On Nov. 16, 2008, my mom took me to what I thought was a routine doctor’s appointment. Instead, an MD, nutritionist and psychiatrist entered the room. The doctor examined my ankles and my temples, looked me in the eyes, and said, “If you keep doing this, you’re going to die.” An electrocardiogram revealed that I’d developed cardiac arrhythmia. My body was working so hard to keep me alive that it had started to eliminate less “necessary” forms of caloric consumption, such as menstruating and maintaining a full head of hair. My organs were starting to shut down.
I was diagnosed with anorexia nervosa and hospitalized. Even though I wanted to take a leave of absence from school, I didn’t. I was attending Mills College in Oakland, California, on a music performance scholarship, and without that financial aid, I wouldn’t be able to afford treatment for the eating disorder, let alone insulin. I needed health insurance. I needed insulin.
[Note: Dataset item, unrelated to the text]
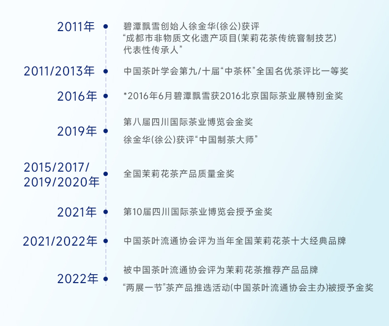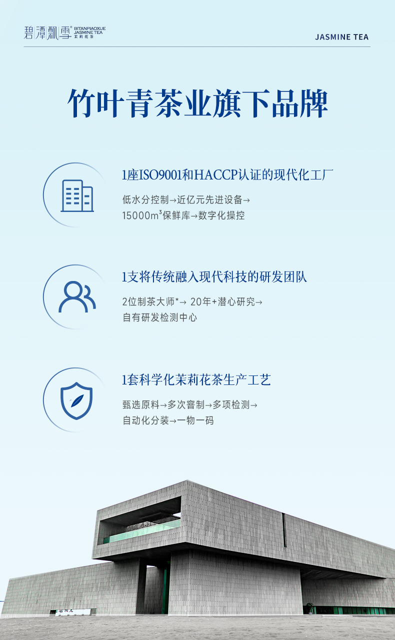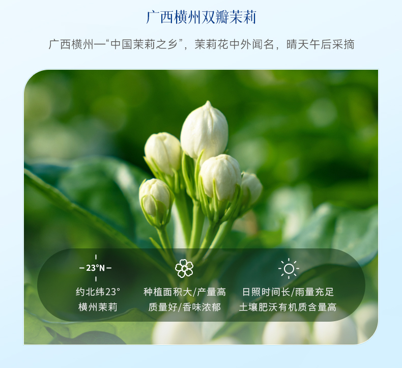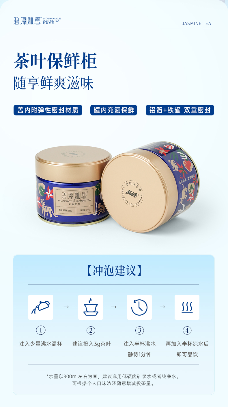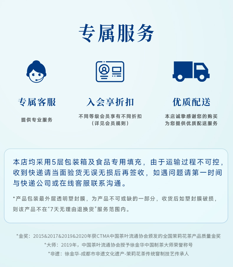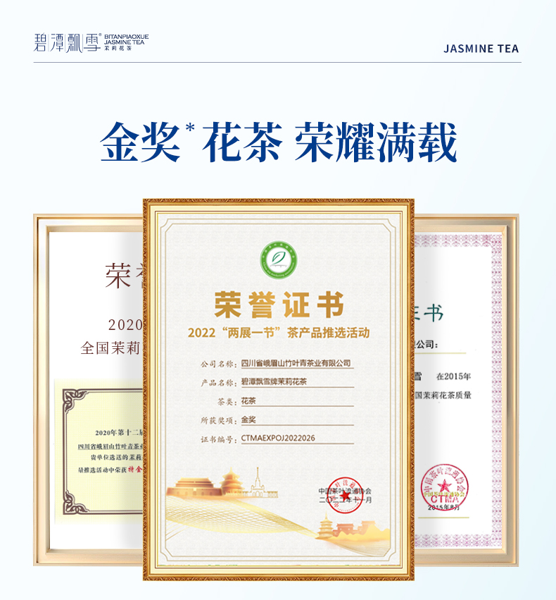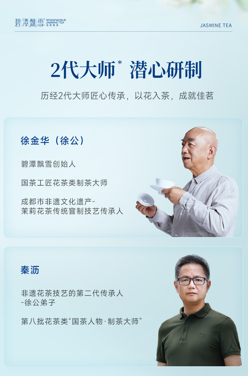 - 中国制茶大师徐金华(徐公)传承 古方制作技艺 开创新派茉莉花茶 精选峨眉高山明前春茶 配以广西横县双瓣茉莉 花与茶,黄金配比 时间酝酿,层层历练 花香与茶香交融 盖碗之间 仿佛茉莉花在舌尖绽放

Since then, I’ve continued to base all academic and professional decisions on my ability to afford my arsenal of life-saving equipment. I stay at jobs longer than I want to, and I work through debilitating mental health conditions.
About a month after I started my recovery from anorexia, I had to perform at a recital. I sang Mozart’s “Smanie implacabili” from his opera “Così Fan Tutte” — the title translates to “women are like that.” In the aria, Dorabella sings, “I hate the light, I hate the air I breathe, I hate myself!” The words couldn’t have been more fitting; I had just started menstruating again, but I was still incredibly weak. There’s an old, grainy video of this performance. Somehow, I was able to produce ample sound from an emaciated frame, but I gasped for air. I hated the spotlight of performing. I hated the fact that I could barely breathe. I hated myself. But I needed health insurance. I needed insulin. And so I grabbed the piano, braced myself and forced out a high G.
While I’ve been in remission from anorexia since college, I developed agoraphobia at 23. For several years, I was unable to drive in the left lane or on the freeway, take elevators, or travel more than five miles from my home without having a panic attack. Once, I single-handedly prevented a plane from taking off because I had such a severe panic attack. I never made it to my final destination of Arizona, where I was supposed to attend my grandmother’s funeral.
For years, my agoraphobia also made work nearly impossible. I’d white-knuckle my way through staff meetings, hoping I wouldn’t start hyperventilating in front of the boss. I’d sweat through commuting on backroads, gulping down air as I listened to self-help audiobooks in hopes of soothing myself. I avoided left turns, managed to show up to work each day and then wept in the bathroom hundreds of times. While living in a perpetual panic was terrifying, the fear of losing my ability to afford insulin was scarier.
I’ve wanted to attend graduate school for years. I was accepted to several schools, including Tulane University, in 2015. Despite the promise of health insurance provided by the university, I feared the paperwork wouldn’t go through or I’d face an unaffordable deductible. And what would happen once I graduated? Would I find a job that could cover my $36,000 in medical supplies? I declined the offers but held onto my dream. I finally pushed my fears aside — this fall, I’ll be attending graduate school to pursue a master’s degree in social work. Still, there’s that forever-echoing refrain in my mind: You need health insurance. You need insulin.
I’m resentful of the way my need for access to affordable insulin has dictated my life choices.
I’m resentful of the lawmakers who control the fate of people with Type 1 diabetes. I’m infuriated and, more than anything, terrified. The high price of insulin leaves the vulnerable so reliant on their jobs, they can’t afford to leave, even for safety reasons. It drives people to ration insulin and risk death from diabetic ketoacidosis. When lawmakers fail to ensure access to affordable insulin, do they weigh the cost of our lives?